Anything else a beginner should know?


----------



## jowensphoto (Sep 12, 2012)

In high end shoots, those are typically the responsibilities of the creative director. In collaborations with other artists (MUAs, stylists, pro-am models), it's really whoever decides to take charge. I can't understand setting up a shoot (in the MUA's case) with no set vision.

The length of the shoot will depend on wardrobe changes, make up adjustments. You'll also get a vibe when you arrive from everyone else involved; if even one party is just not feeling it, you can bet that the shoot will take a lot longer.

Amateur models will need more direction with posing and "finding the light." I suggest hand-holding your camera to follow the model's movement; with a tripod you're going to be limited compositionally since you'll have to take time to move it around every time the model moves. As long as you have ample light, you'll be just fine using a fast shutter speed and no tripod.


----------



## Derrel (Sep 12, 2012)

"photo" "shoot". Hmmm. It's a collaborative effort, and each person has roles to play. How long a shoot last varies...the weather can make a shoot very difficult, and it might only last 30 minutes if conditions suck...if the weather is nice, and people are relaxed and clicking, about two hours might work...it depends on the subjects and how fresh they are, how enthused they are, and how much they're "feelin' it"...
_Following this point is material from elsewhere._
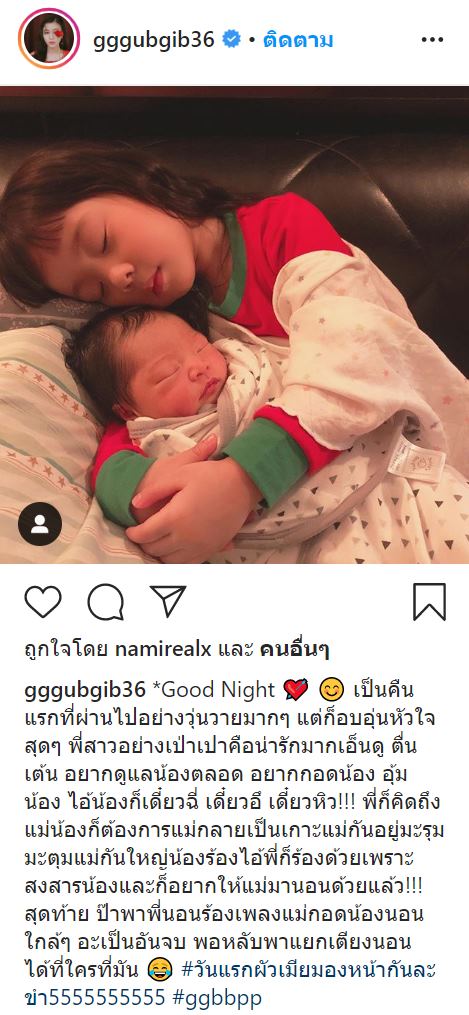 ระบุเเคปชั่นว่า*Good Night เป็นคืนแรกที่ผ่านไปอย่างวุ่นวายมากๆ แต่ก็อบอุ่นหัวใจสุดๆ พี่สาวอย่างเป่าเปาคือน่ารักมากเอ็นดู ตื่นเต้น อยากดูแลน้องตลอด อยากกอดน้อง อุ้มน้อง ไอ้น้องก็เดี๋ยวฉี่ เดี๋ยวอึ เดี๋ยวหิว!!! พี่ก็คิดถึงแม่น้องก็ต้องการแม่กลายเป็นเกาะแม่กันอยู่มะรุมมะตุมแม่กันใหญ่น้องร้องไอ้พี่ก็ร้องด้วยเพราะสงสารน้องและก็อยากให้แม่มานอนด้วยแล้ว!!! สุดท้าย ป๊าพาพี่นอนร้องเพลงแม่กอดน้องนอนใกล้ๆ อะเป็นอันจบ พอหลับพาแยกเตียงนอนได้ที่ใครที่มัน  #วันแรกผัวเมียมองหน้ากันละขำ5555555555 #ggbbpp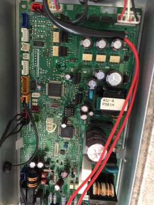 この基盤がエアコンの指令室のようなモノです、これを外さないと洗浄できません。

It's entirely impossible to give really specific answers to vague questions about undefined issues. If you have two or three models lined up, it'll go one way...if you have two, another, one model only, another way. If the MUA is having a boyfriend problem, it might go one way. If YOU just had a fight with your S.O. the night before, it might go one way. Handheld? Yes, if you can pull it off. Tripod mounted? Yes, or no. Depends. THIS AM, I coulda' shot hand-held with NO issues...but at 5:00 PM tonight, who knows???

You'll need some kind of a plan, a strategy. And also a back-up plan for when plan #1 goes down in flames. And of cooooooooooourse, the *alternate back-up plan*. And finally, the WTFAWGD? plan for when the chit really goes bad.


----------



## 12sndsgood (Sep 12, 2012)

Usually the person setting up the shoot would be the one takind control of things as far as the theme and location.  though it seems most people I talk to getting into modeling seem to want the photographer to make all the decisions. Timewise is a big variable. I generally will throw out ideas. decide on what we want to do and I will ask them how much time are they available for so I somewhat can have a schedule in my head.  The tripod will for me usually depend on how low a shuterspeed im using. or if im wanting the camera set in a certain spot and I want to be able to walk away and adjust something without losing my framing. 
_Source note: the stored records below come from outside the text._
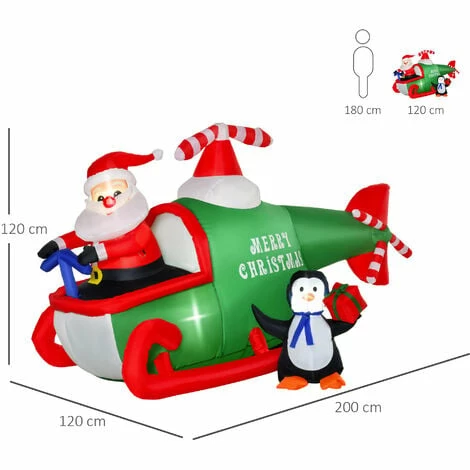 – Type: Christmas inflatable decoration with Santa Claus flying a plane and penguin holding a gift box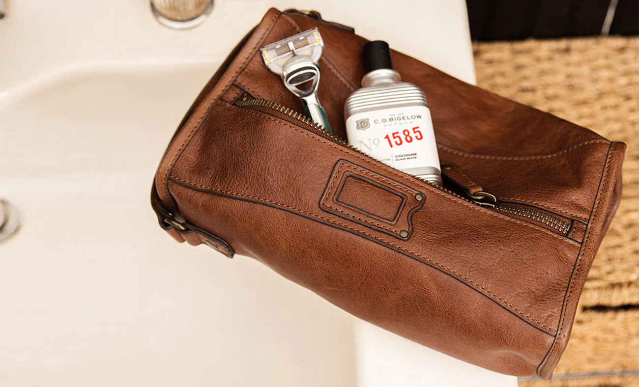 Current price: $138.00Color | WhiskeyA practical and beautifully designed travel case is the perfect way to organize your toiletries on the go. Meticulously crafted from hand-stained leather, this piece combines timeless style with everyday function. The structured interior features a clever wire frame that holds its shape and stays open when needed—just use the pull tabs for easy access. Finished with a secure top zipper, it keeps your essentials safe wherever you travel.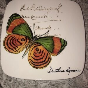 Elegant square plate featuring a vibrant butterfly design. Perfect for adding a touch of nature to your dining experience.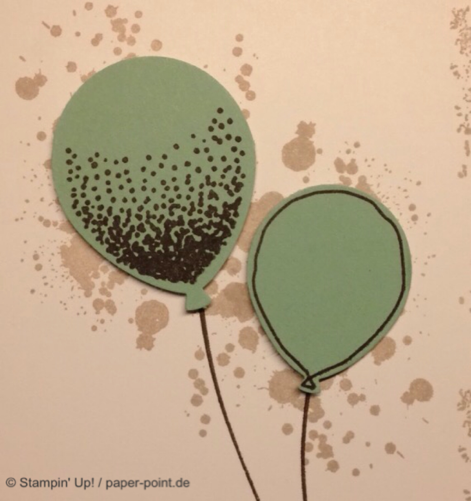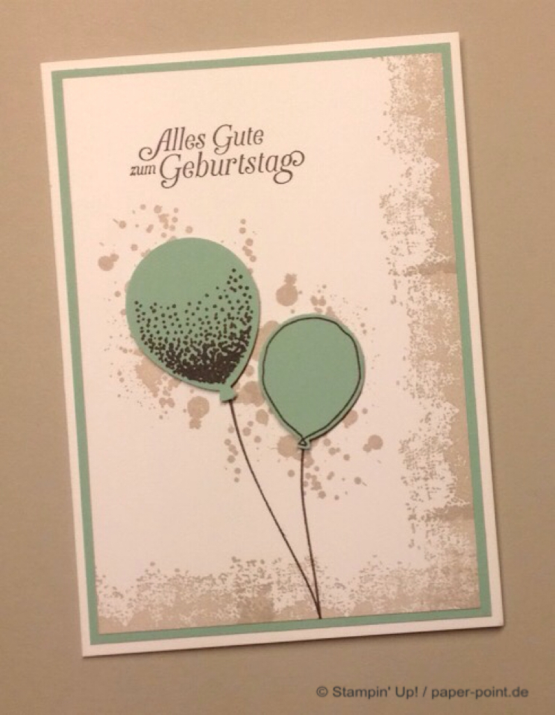 Die Luftballons sind mit den „Partyballons“ gestempelt und mit der „Stanze Luftballons“ ausgestanzt. Im Hintergrund habe ich wieder mal mit „Gorgeous Grunge“ rumgekleckst 😀
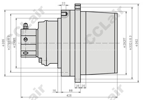| 型 號 | 輸出扭矩N.m | 轉速范圍r/min | 傳動(dòng)比 | 額定壓力Mpa | 總排量 | 液壓馬達 | 總重 | 適用機重ton | |

If they are wanting you to make all the decisions it sounds like they possibly don't have much experience either, so just talk with them, get to know them and work everything out ahead of time.


----------



## locke (Sep 12, 2012)

So it sounds like there isn't really strict etiquette for this kind of thing. There are two models at this shoot, husband and wife. (recipe for disaster??) I actually prefer shooting handheld because I like composing on the fly. I'll just have to really pump up my shutter speed, as you suggested jowensphoto


----------



## jowensphoto (Sep 12, 2012)

So is this a shoot for aspiring/pro models or a couples portrait session? That will ultimately determine how you should approach this.


----------



## Big Mike (Sep 12, 2012)

Some good advice above.



> Is the photographer typically the one who decides the overall theme of the shoot?


Depends.


> How long do people usually want to shoot for?


Depends on a lot of factors.


> Do models expect the photographer to give them explicit instructions or are they comfortable going with the flow?
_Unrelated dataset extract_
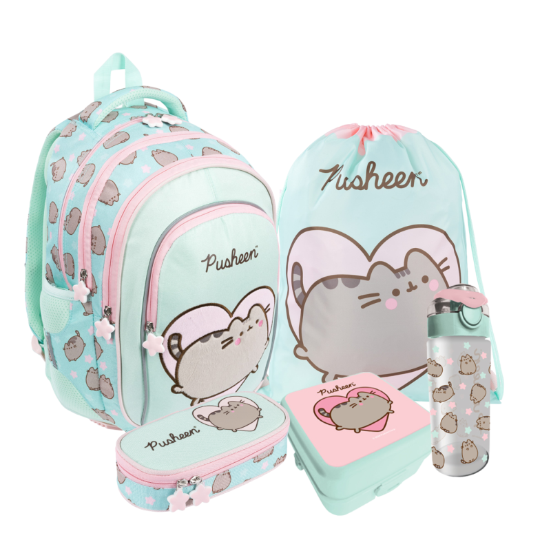 ❤️ Przedstawiamy wyjątkowy zestaw Pusheen Mint Majewski, który idealnie wpasuje się w potrzeby każdego ucznia! Nasz komplet składa się z przestronnego plecaka czterokomorowego, piórnika, praktycznego worka na obuwie oraz śniadaniówki i bidonu , zapewniając wszelkie niezbędne akcesoria w jednym!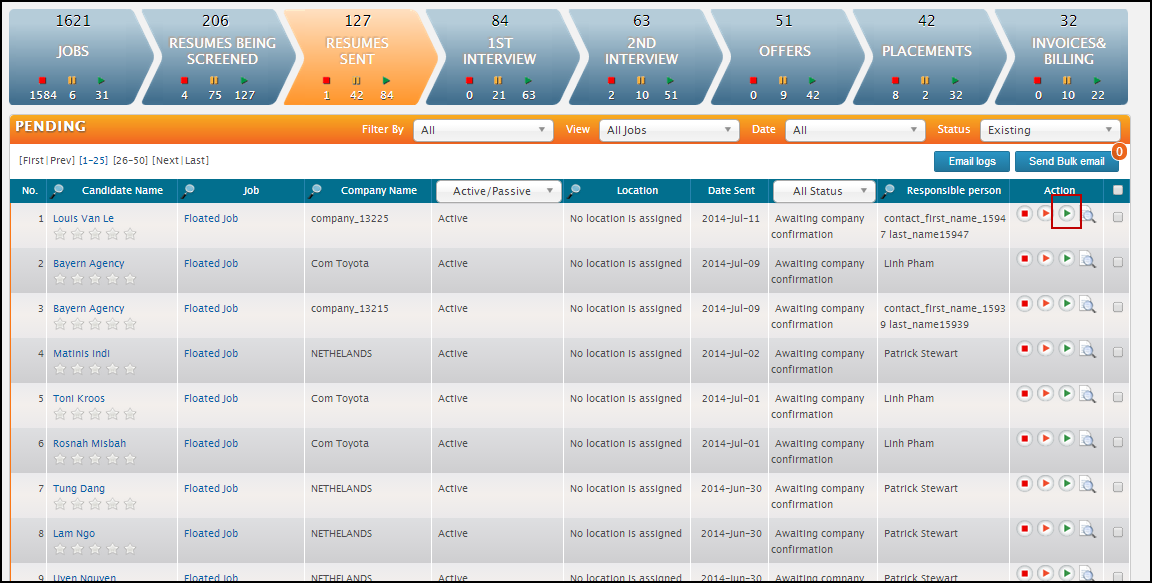 Once the email has been sent, the floated candidates will be placed in the “Resume Sent” chevron. The candidate can then be taken through the same process (and functionality) as if the candidate was attached to a real job, up until the offer stage. At this point, the floated candidate needs to be attached to a real job.

Depends on the model, the photographer and maybe some other factors.


> Would you recommend a lot of tripod shots for this type of thing? more handheld? or a nice mix?


Depends.  In a studio, with a specific lighting arrangement, a tripod may be helpful...but in other situations, handheld might be better/easier.


> Anything else a beginner should know?


Probably a lot.  

But hey, you have to start somewhere.  Just make sure that the others involved are aware of the situation.


----------



## locke (Sep 12, 2012)

jowensphoto said:


> So is this a shoot for aspiring/pro models or a couples portrait session? That will ultimately determine how you should approach this.



Shoot for aspiring models and make-up artist.

 and, of course, photographer


----------



## jowensphoto (Sep 12, 2012)

Gotcha. Find out what they are comfortable with, whether it be glamour, lifestyle or fashion.


----------